So – finally! – after Health Canada approved Kalydeco in November 2012 for use in Canada by CF patients aged six years and older who have the specific G551D mutation, it now appears this brilliant new medication will soon be available under provincial health plans to all Canadians with CF and the G551D mutation so badly in need of it. Well, that is, except those in Quebec. As usual, Quebec marches to a different drummer, so did not sign on to the pan-Canadian Pricing Alliance for an agreement in principle with Vertex Pharmaceuticals for a Canadian price Kalydeco.
This Quebec ideology – a matter of principle, apparently, so don’t look for a rational explanation – also includes the astonishing fact that this is now the only Canadian province that has not instituted testing of all newborns for the presence of CF. And that is baffling in the sense that there is clear and unequivocal evidence from countries that have implemented NB testing for CF many years ago that this actually saves the healthcare system money in the long run, in addition to making a significant difference to the quality of life and life expectancy of folks with CF. But I digress …
Looking at how a pan-Canadian deal for Kalydeco was eventually brought about – I can’t do much better than quoting the following from a Toronto Star article written by Rob Ferguson on June 2nd, when it referred to the Kalydeco situation as “a political football in recent months, with the cystic fibrosis community pressing the Ontario government for help and Liberal Leader Kathleen Wynne — now in the middle of an election — saying the province couldn’t afford it without a lower price from Vertex Pharma, the Boston-based maker of the drug.” As well, the article states that: “Provincial health ministers took the issue into their own hands in April, pledging to hold a meeting with Vertex instead of leaving the negotiations in the hands of bureaucrats. That meeting was held four weeks ago in Toronto.”

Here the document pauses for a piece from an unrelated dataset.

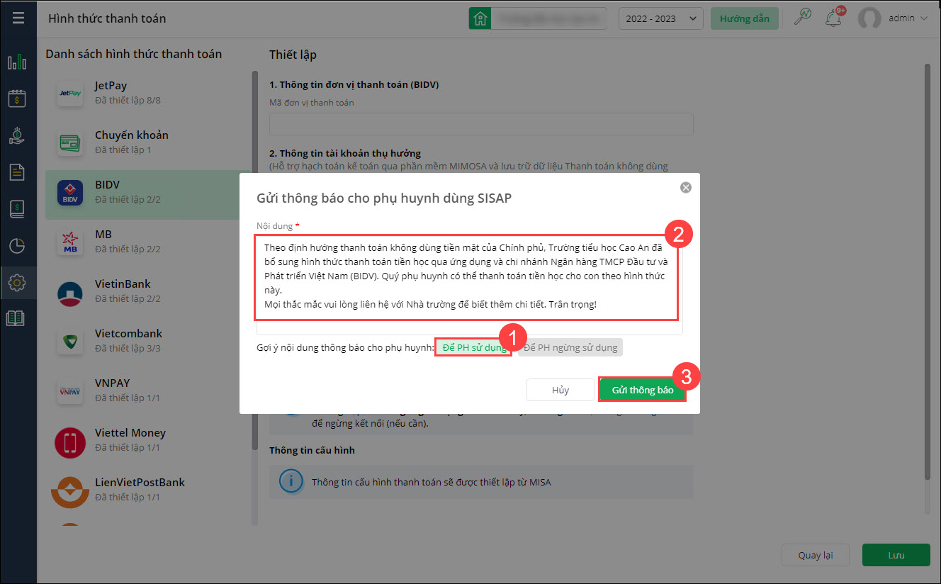 - Chọn Gửi thông báo cho phụ huynh dùng SISAP.

Clearly, this meeting proved to be the game changer, but it would be quite unfair to blame the civil servants tasked with reaching an agreement on price with Vertex for the more than two years it took to get to this point. As we stated here earlier, in a post titled Negotiating a Price for Kalydeco, on December 21, 2013: “… they are doing so with one arm tied behind their backs.” In the absence of any kind of political will to make this happen, they were simply not a position to move their bottom line unless they were told to do so from above.
With the federal refusal to renew the Health Canada Accord and the dismissal of the Canada Health Council by cutting off its funding in 2014, the pan-Canadian Pricing Alliance notwithstanding, there simply wasn’t the organizational clout in terms of a national mandate to make things happen. What was needed, clearly, would be some leadership at the political level to break the impasse in the negotiating process and bring a pricing agreement about.
We saw one effort to provide that kind of leadership in December last year, when Nova Scotia Health Minister Leo Glavine stood up for CF patients in his province to suggest their province would go at it alone in funding Kalydeco. We can only imagine the pressure he faced from the inside when he was forced to retreat from that position on behalf of the pan-Canadian Pricing Alliance.
In the end, it was Alberta’s Health Minister Fred Horne – representing the lead province in the pan-Canadian Pricing Alliance – who pushed the deal through with Vertex after he personally invited and met with Vertex representatives and some of his own colleagues in Toronto to get the matter settled for all of Canada.
Finally, we would be severely remiss if we didn’t recognize and congratulate the Vanstone family from Beeton, ON – Beth Vanstone and her 12-year old daughter Madi with CF – for their brave and persistent fight to keep Kalydeco in the media, and for confronting and keeping the pressure on local politicians to make the life-saving Kalydeco deal happen, and not only for them, but for all Canadians!